Потом я больше ничего не мог разглядеть и расслышал лишь десятка два выстрелов. Заметив облако дыма, я бросился к этому месту: г-на де Дампьера расстреляли в упор.
Я подоспел слишком поздно; даже если бы я прибежал раньше, то успел бы только погибнуть вместе с ним, но не спасти его. Тело графа было изрешечено пулями и исколото штыками; лицо — по нему били ногами — нельзя было узнать; часы в карманчике жилета расплющила пуля.
Больше здесь делать было нечего; взяв свое ружье на плечо, я со слезами на глазах побрел напрямик через поля, обливаясь потом, и присоединился к своей шеренге.
Королевская берлина уныло продолжала свой путь по тридцатиградусной жаре, по дороге, которая, словно прочерченная мелом линия, пересекает печальную часть Франции, называемую Сухой Шампанью.
Теперь, по-моему, недостаточно рассказывать о том, что я видел; как очевидцу, мне необходимо исправлять историю и опровергать историков.
Убийство г-на де Дампьера — по моему мнению, оно имело большое значение как начальная точка кровопролития и как проявление настроения людей в провинции — искажалось всеми историками. На сей раз мы не станем уличать г-на Тьера: об этом убийстве он даже не упоминает.
О нем говорит г-н Бертран де Мольвиль, но, как всегда, для того, чтобы исказить факты, обвиняя во всем несогласную с ним сторону. Господин Бертран де Мольвиль пишет следующее:
«Шевалье де Дампьер, безоружный, случайно оказался на шалонской дороге. Он хотел своим присутствием выразить королю чувства преданности и скорби; это желание, столь естественное и столь трогательное, стоило ему жизни».
Вы сами видите, что ошибки встречаются здесь в каждой строчке.
Шевалье де Дампьер, прежде всего, не был шевалье де Дампьером; его звали г-н Дю Валь де Дампьер, граф де Ан. На шалонской дороге он находился не случайно, ибо уже в девять утра приехал в Сент-Мену, чтобы приветствовать короля, когда тот будет проезжать через город. Он был в Сент-Мену не случайно, поскольку ждал короля и на углу Водопойной улицы, и на площади Променад, и на спуске в Даммартен-ла-Планшетт.

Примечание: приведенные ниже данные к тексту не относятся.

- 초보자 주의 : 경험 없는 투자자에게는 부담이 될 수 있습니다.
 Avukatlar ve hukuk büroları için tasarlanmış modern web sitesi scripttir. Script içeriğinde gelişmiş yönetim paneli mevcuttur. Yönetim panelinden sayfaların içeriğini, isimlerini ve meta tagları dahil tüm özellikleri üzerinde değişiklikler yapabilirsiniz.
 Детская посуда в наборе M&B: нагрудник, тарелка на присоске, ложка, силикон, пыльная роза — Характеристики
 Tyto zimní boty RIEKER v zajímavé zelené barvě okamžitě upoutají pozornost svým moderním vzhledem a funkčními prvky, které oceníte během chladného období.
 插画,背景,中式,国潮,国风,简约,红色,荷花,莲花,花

Изъявить свою преданность г-н де Дампьер желал не только своим присутствием, ибо провозглашал «Да здравствует король!» и дважды оказывал Людовику XVI воинские почести после того, как имел с ним разговор.

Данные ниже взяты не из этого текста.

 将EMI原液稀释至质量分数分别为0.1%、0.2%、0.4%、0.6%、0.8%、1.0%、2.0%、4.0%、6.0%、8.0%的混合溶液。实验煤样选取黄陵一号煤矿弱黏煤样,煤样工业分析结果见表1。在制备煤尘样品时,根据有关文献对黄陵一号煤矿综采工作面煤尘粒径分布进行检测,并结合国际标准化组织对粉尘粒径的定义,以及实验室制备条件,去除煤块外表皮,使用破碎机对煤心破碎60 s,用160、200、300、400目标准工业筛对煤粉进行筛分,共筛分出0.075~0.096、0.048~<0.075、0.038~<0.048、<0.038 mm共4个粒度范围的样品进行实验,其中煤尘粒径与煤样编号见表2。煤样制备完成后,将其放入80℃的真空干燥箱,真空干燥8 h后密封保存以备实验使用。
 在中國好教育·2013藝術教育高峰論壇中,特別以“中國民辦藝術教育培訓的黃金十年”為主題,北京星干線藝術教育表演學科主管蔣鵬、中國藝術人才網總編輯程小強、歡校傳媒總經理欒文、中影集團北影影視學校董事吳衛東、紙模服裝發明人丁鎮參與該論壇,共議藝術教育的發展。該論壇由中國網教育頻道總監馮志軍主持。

Он не был безоружным, потому что, кроме ружья — из него он выстрелил в воздух, а после уронил его в канаву, когда конь споткнулся, — в седельных кобурах нашли пистолеты.
Послушайте теперь г-на де Лакретеля. Его рассказ гораздо суровее обвиняет либералов.
«Этот благородный дворянин, будучи не в состоянии совладать с неодолимым желанием доказать королю, что осталось еще несколько преданных ему французов, — пишет г-н де Лакретель, — был изрешечен пулями в ту минуту, когда испрашивал милости поцеловать королю руку. Его кровь обрызгала карету».
Может быть, мизансцена и хороша, но в действительности все происходило иначе. Господин Дю Валь де Дампьер был убит почти в трехстах шагах от королевской кареты.
Вы, должно быть, полагаете, что нельзя дальше отдалиться от правды, чем это делает г-н де Лакретель? И ошибетесь. Есть еще аббат Жоржель, в своем роде второй отец Лорике. У него мы находим не просто ошибку, а чистую ложь.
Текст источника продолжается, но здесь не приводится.